Power Reads: 5 Interesting Articles That Will Help You This Week

Each week, I select a few articles that rise above the fray and hopefully help you on your journey in leadership and the CRE world. They pull from one of four "corners": corporate real estate, technology, management science and anything positive. Each day we can become a better version of ourselves.

1. The Workers Who Relish Going to the Office on Friday—When No One Else Is There

After a few hours of heads-down work at her office in Washington, D.C., Michele Late will stand up from her desk, get down on all fours and begin a series of cat-cow yoga poses in her cubicle.

If her back is hurting, she might just lie flat on the ground. She can do so without a shred of self-consciousness or fear that a co-worker might walk by because she goes into the office on the day everyone else avoids: Friday.

“No one is going to see me,” says Ms. Late, 51, who works as the deputy director of communications for the American Public Health Association and is required to be in the office two days a week. “I just love Fridays.”

2. 'The Fog Of War Is Lifting': More Companies Making Long-Term Decisions About Their Offices

This week’s announcement of the biggest office deal of the year was welcome news for New York City’s office market, which has been battered by high availability and low occupancy.

Leases like KPMG’s 15-year commitment in Manhattan West — the search for which kicked off in 2018, the company said — are a sign more large corporations are finally making decisions about how they want their offices to look long-term, and what it means for the size of their spaces, industry insiders told Bisnow this week.

“I do think the fog of war is lifting a little bit for most tenants,” Savills Vice Chairman Nick Farmakis said. “I think they’ve come to the conclusion of what they want to be, and I think that maybe the activity in the market is reflective of the fact that tenants have firmer direction than they really have at any time over the past couple of years.”

3. Construction Material Prices Starting To Cool, But Demand Concerns Are Creeping In

After two years of volatility and historic increases, prices of construction materials have started to level off — although at much higher levels than before the pandemic.

But while prices have become more predictable, questions are starting to burble about whether demand can keep up. Total construction starts were up by 48% in July, according to Dodge Data & Analytics, but that was largely fueled by spikes in infrastructure and manufacturing — residential construction starts dropped, and the rate of commercial starts has slowed.

Builders and experts are expecting to see prices stabilize further, but are concerned that the still-high cost of building, coupled with the Federal Reserve’s interest rate hikes could lead to canceled deals and further declines in demand.

4. A Different Take on the U.S. Economy: Maybe It Isn’t Really Shrinking

When the Commerce Department reported last month that U.S. economic output contracted for two consecutive quarters during the first half of the year, it raised fears the U.S. might be in recession, defined in a popular rule of thumb as two negative quarters of growth. New data sends a different message: rather than in recession, the economy might be in something closer to a stall.
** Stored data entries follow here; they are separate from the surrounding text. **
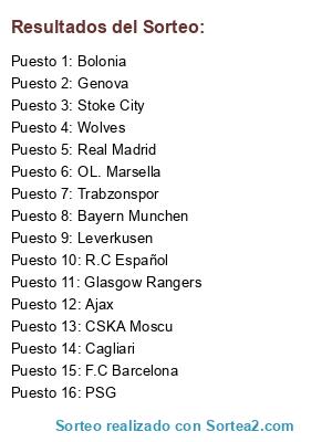 Lista de participantes: Real Madrid, PSG, Glasgow Rangers, F.C Barcelona, Cagliari, Leverkusen, OL. Marsella, Bayern Munchen, Bolonia, Ajax, CSKA Moscu, Wolves, R.C Español, Stoke City, Trabzonspor, Genova.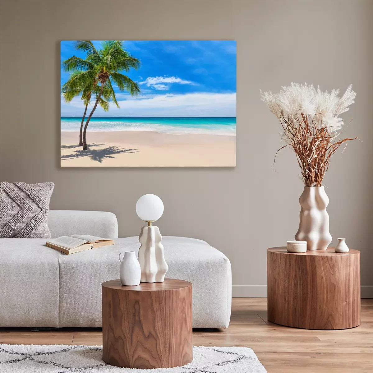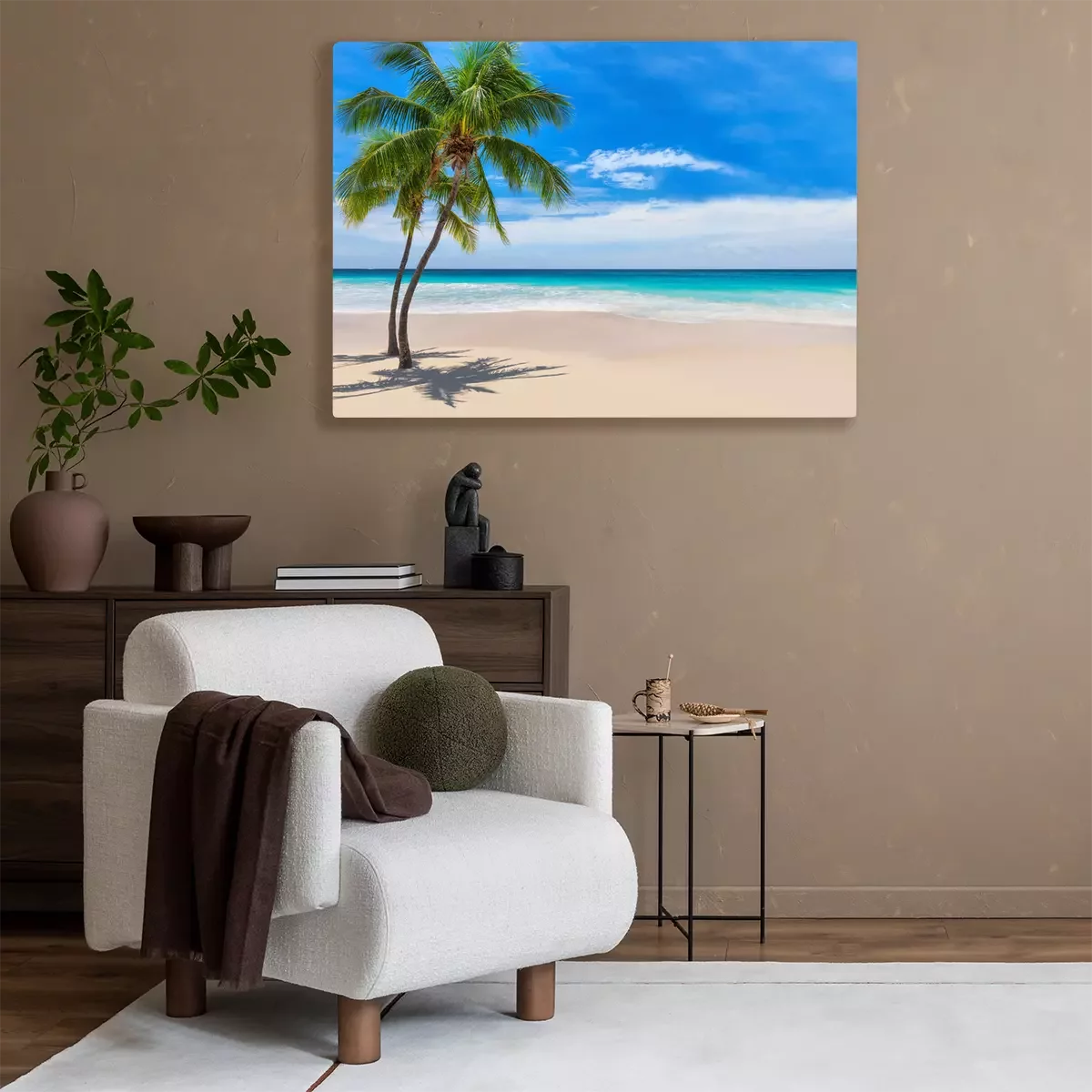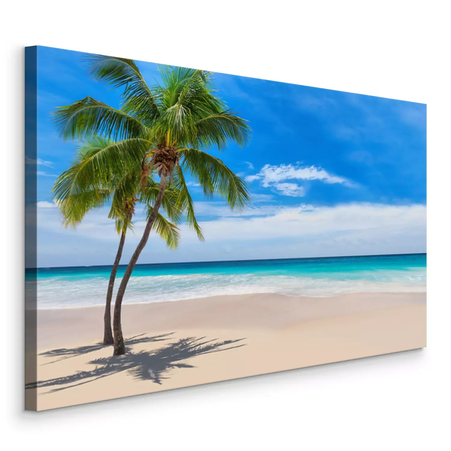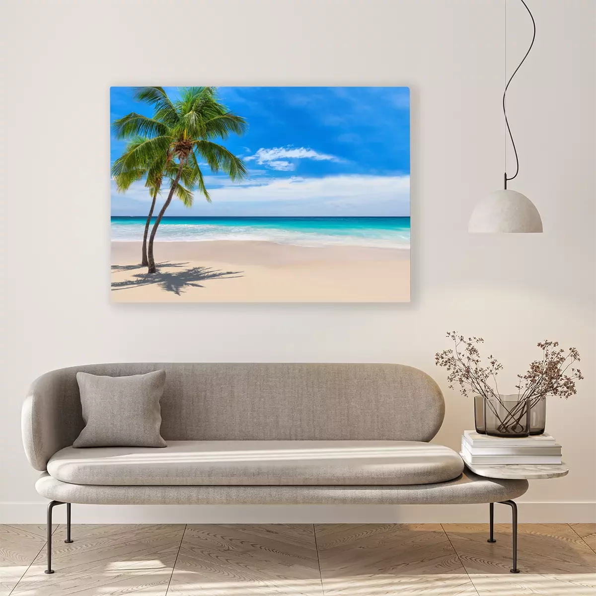 Tropical white sand beach with coco palms and the turquoise sea on Caribbean island.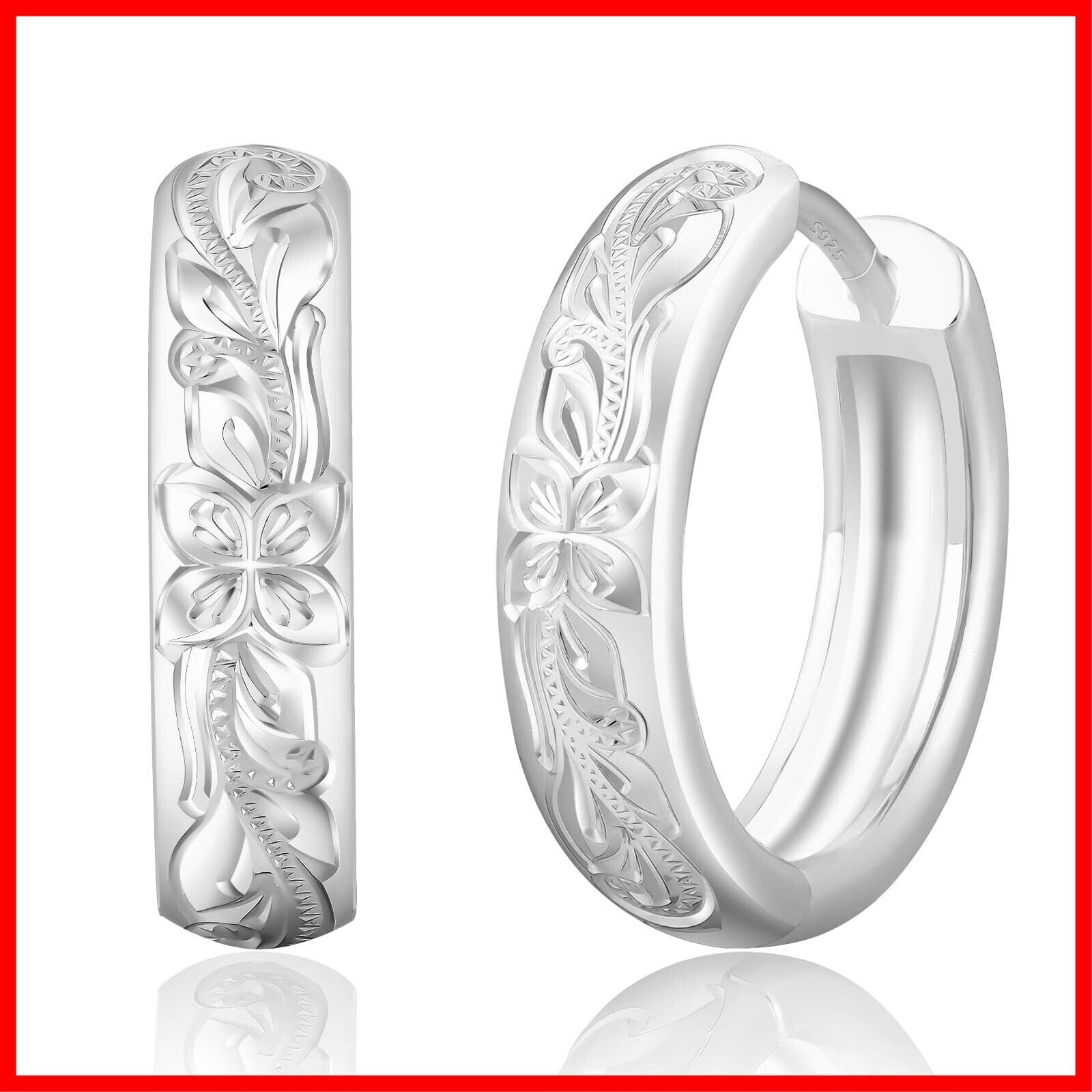 【ハワイアンジュエリー】耳元を華やかに彩るハワイアンジュエリーのフープピアス。安価なステンレス製品とは異なり、まるで手彫りのような繊細な彫刻が施されています。外径15mm・幅3.5mmの程よい大きさと、シンプルなデザインのため、男女年代問わずお使い頂けます。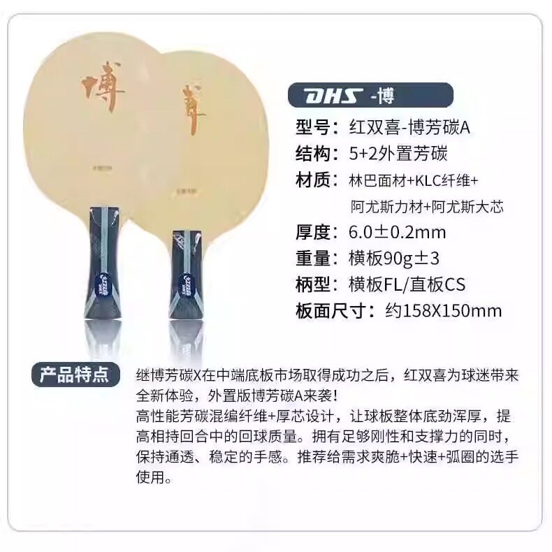 正品红双喜博A乒乓球拍底板博X升级版外置芳碳专业底板博ALC球拍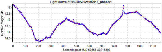 Light curves are passive optical measurements of space objects that show the variation in the observed object’s magnitude as a function of time and can be used to determine attitude states of space debris, including spin period [1,2,3] and spin axis orientation [4,5,6,7]. Recently, methods for attitude determination using spectral light curves were also proposed [8,9].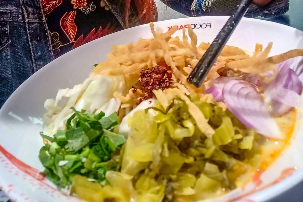 Во-первых, это кхао сой, знаменитая северная лапша. Ее можно найти и в других местах, но тут она очень хорошая, и размер порции солидный. С куриной ножкой – 70 батов, со свининой – 80 (мне нравится именно со свининой).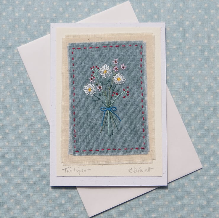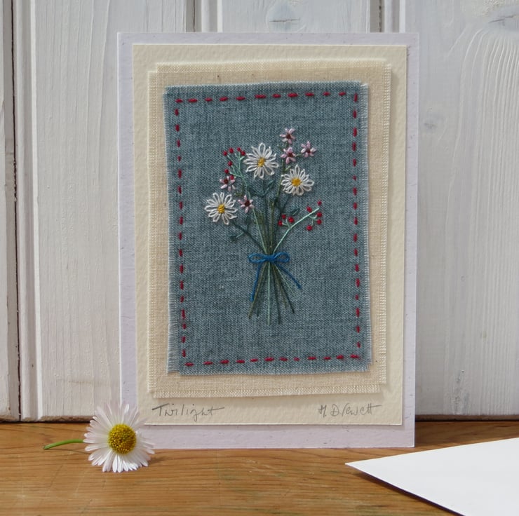 At dusk, the flowers in my cottage garden gradually fade as the light drops, but the white flowers remain bright for ages. I decided to embroider flowers as they appear at twilight. The design is therefore entitled 'Twilight'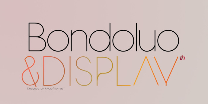 Bondoluo Font is a geometric font family developed by Álvaro Thomáz in 2012, The creation process was inspired by 3 geometric forms – triangle, circles and squares – and 2 amazing fonts – Futura® and URW Gothic. The Bondoluo Display font was inspired by Diamonds by HVD. Be fashionable with Bondoluo fonts!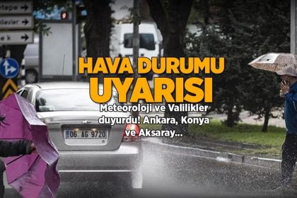 Meteoroloji Genel Müdürlüğü (MGM) yeni hava durumu haritası yayımladı ve saat verildi. Ankara, Konya ve Aksaray çevreleri için kuvvetli rüzgar ve fırtına uyarısı yapıldı. İşte il il yeni hava durumu t...

Economic output can be measured two different ways: gross domestic product, or gross domestic income. For every dollar an individual spends to buy some good or service—a restaurant meal, a car, a doctor’s visit—another individual earns a dollar of income to make and deliver that good or service. GDP captures the spending side of these transactions, GDI the income side.

In theory, GDI and GDP should equal each other, though there is always some statistical discrepancy because they are measured using different data sets and different sources. This year the discrepancy has been unusually large. During the first half of the year GDP contracted at a 1.1% annual rate, adjusted for inflation. At the same time, GDI, made up of a measure of corporate profits, wages and benefits, self-employment income, interest and rent, expanded at a 1.6% annual rate, the Commerce Department reported Thursday.

5. How to Get Published: A Book’s Journey From ‘Very Messy’ Draft to Best Seller

Jessamine Chan spent five years drafting her book. It was her first — a novel about a mother who loses custody of her toddler after one “very bad day,” and then, in a surreal twist, is sent to an experimental “school for good mothers.”

Like most new authors hoping to break into the industry, Chan had much working against her.

The publishing world can be opaque and intimidating to outsiders. Although Chan had published a few short stories and had worked at Publishers Weekly, a trade magazine that gave her some insight into the process, she had few connections. And she had no platform: She was not a celebrity, had no personal brand and was not on social media. She lived a quiet life in Philadelphia with her husband and her child, whose birth made her recast the book — again.

Your success blesses others. I wish you a great and hugely impactful week!